→ **WHAT THE EXERCISE ASKS**
With the pictures left aside, write out exactly the lines of the listing below from the line with "该户型三开间朝南,客餐厅一体" to the line with "- Потолочный плинтус", both included, and only those.

→ **RECORDS PROVIDED**
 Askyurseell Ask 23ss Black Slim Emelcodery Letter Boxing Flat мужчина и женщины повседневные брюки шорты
--
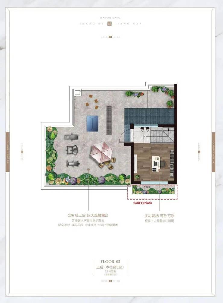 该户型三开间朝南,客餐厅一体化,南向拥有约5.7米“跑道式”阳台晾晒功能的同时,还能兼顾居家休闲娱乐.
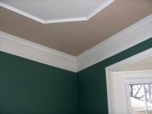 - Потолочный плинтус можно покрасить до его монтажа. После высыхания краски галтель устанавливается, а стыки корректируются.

→ **RESPONSE TO THE EXERCISE**
 该户型三开间朝南,客餐厅一体化,南向拥有约5.7米“跑道式”阳台晾晒功能的同时,还能兼顾居家休闲娱乐.
 - Потолочный плинтус можно покрасить до его монтажа. После высыхания краски галтель устанавливается, а стыки корректируются.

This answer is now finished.